Nis
Birthplace of Constantine, former Yugoslav industrial giant—Niš's 1981 GDP peak hasn't returned, but its Morava valley location keeps attracting tech investment.
Niš exists because Constantine the Great was born here—and because the Morava valley has funneled armies and traders through this exact spot for three millennia. The Romans called it Naissus; they built the Via Militaris through it, the highway linking Rome to Constantinople. When Constantine emerged from these hills to become emperor, he put his birthplace on the map. Eighteen centuries later, the city's airport still bears his name.

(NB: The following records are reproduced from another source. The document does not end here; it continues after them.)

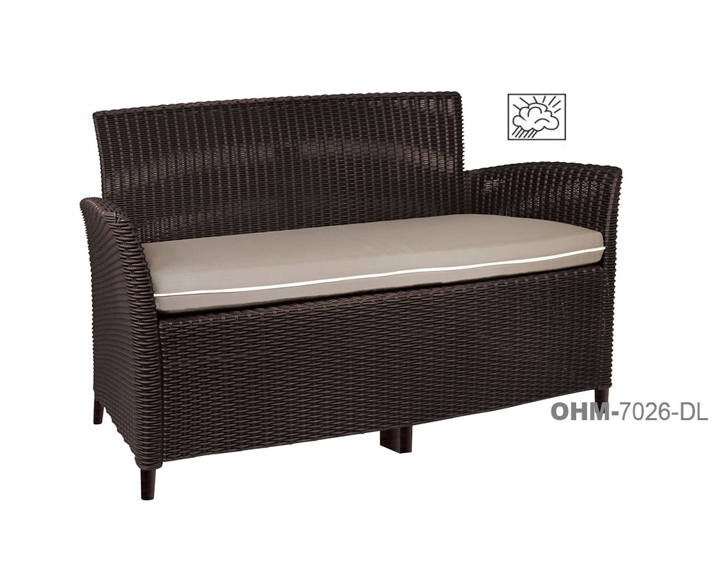 banco: en polipropileno de alta resistencia y duración para intemperie e interior, resistente a los rayos ultravioleta (UV) y al ambiente salino con terminado en imitación rattán.
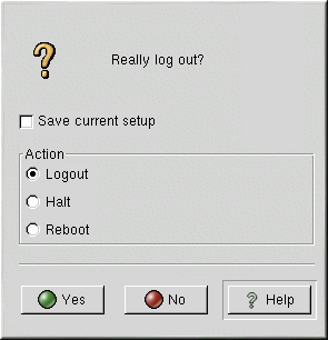When the confirmation dialog appears as shown in Figure 1-11, select the Logout option and click the Yes button. If you want to save the configuration of your desktop, as well as any programs which are running, check the Save current setup option, as well.
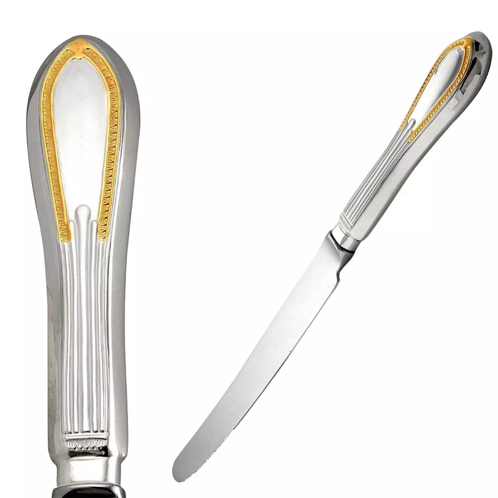 Нож столовый из набора "Ампир". Идеально гладкий нож с отполированной поверхностью и плавно закругленным лаконичным лезвием выполнен из серебра высшей пробы. Черенок ножа украшает красивый позолоченный узор.
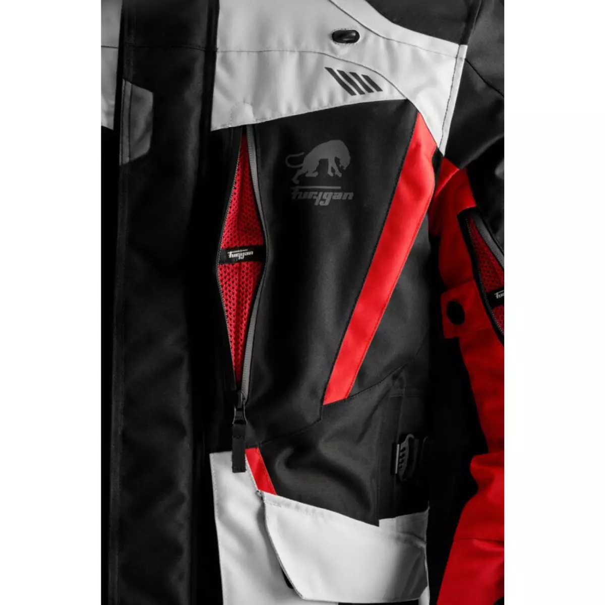 Furygan vous présente sa veste, la Apalaches Evo en coloris noir et rouge.
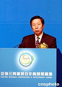 “泛珠三角區(qū)域合作與發(fā)展論壇”6月1日在香港揭幕,圖為國(guó)務(wù)院港澳辦副主任陳佐洱在討論上演講。作者:洪少葵
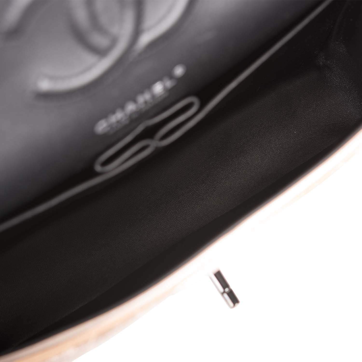 The interior is lined in black leather with the “love letter” zipper compartment under the first flap, an “outer” slit pocket is under the second flap, and an interior compartment with two open pockets separated by a “lipstick” compartment.
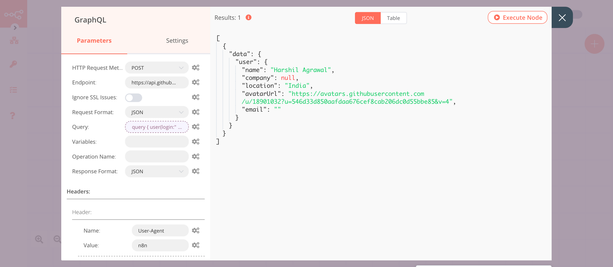n8n has a GraphQL node which can be used to execute GraphQL queries. We will use GitHub’s GraphQL API in this node to get the contributor’s information.
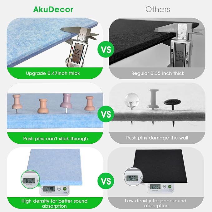 - 【Thickened Cork Boards】Our cork board alternatives have higher thickness (25% thicker) and density (35% denser) than traditional cork boards, which means better durability and sound absorption. It prevents push pins from sticking through the felt board and damaging the wall.
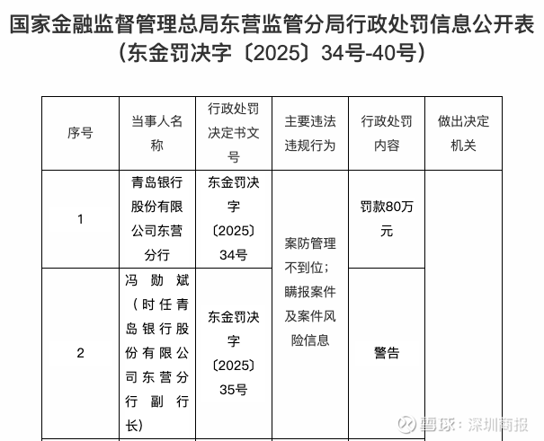 1月7日,国家金融监督管理总局东营监管分局行政处罚信息公开表显示,青岛银行股份有限公司东营分行因案防管理不到位、瞒报案件及案件风险信息,被处罚款80万元;时任青岛银行股份有限公司东营分行副行长冯勋斌被警告。
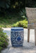 Ceramic Garden Stool, Small Side Tabel - White / Blue11.18"W x 11.18"D x 15.91"H - 16.49 lb
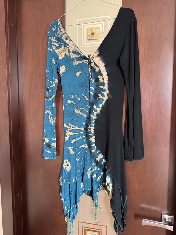 Цікава сукня з натуральної тканини, трикотаж, 100% район, тягнеться. Стан нової речі, з етикеткою. Дуже гарні китиці на подолі. Підійде для танців , тематичних вечірок. Гарно підкреслює фігуру. Розмір S. Довжина по самому короткому краю - 80 см. ПОГ - 40 см. Пот- 36 см. ПОС - 46 см. Тканина тягнеться.
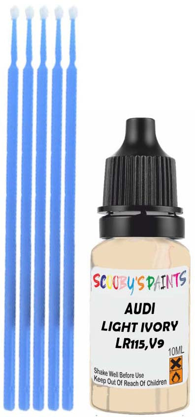 Professionally mixed touch-up paint matched to Audi factory colour LR115,V9 – Light Ivory for model years 1996–2023. Ideal for repairing stone chips, light scratches and minor blemishes while helping to prevent corrosion.
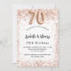 Pour un 70ème anniversaire élégant. Un arrière - plan blanc. Décoré de confettis d'or rose. Personnalisez et ajoutez un nom, ainsi que les détails du parti. Le nom est écrit avec un script de style écrit à la main, numéro 70 avec des polices de style ballon.

The 20th century brought industrial ambition. Between 1960 and 1990, corporations like Electronic Industry Niš, Tobacco Industry Niš, and Mechanical Industry Niš made the city a manufacturing powerhouse—by 1981, per-capita GDP exceeded the Yugoslav average by 10%. Then came collapse: economic crisis in 1993, NATO bombing in 1999, output halved by 2000. The factories that once employed tens of thousands became monuments to Yugoslav-era planning.
Today Niš rebuilds differently. One of Serbia's 14 free economic zones anchors a shift toward tech and services, leveraging the same geographic centrality that made it Rome's crossroads. The electronics and textile industries persist, now competing with Belgrade and Novi Sad as a regional tech hub. By 2026, the city's challenge is familiar to post-industrial centers everywhere: whether historical advantage—the same corridor logic that created Constantine's empire—can translate into a knowledge economy, or whether the factories' ghosts will linger indefinitely.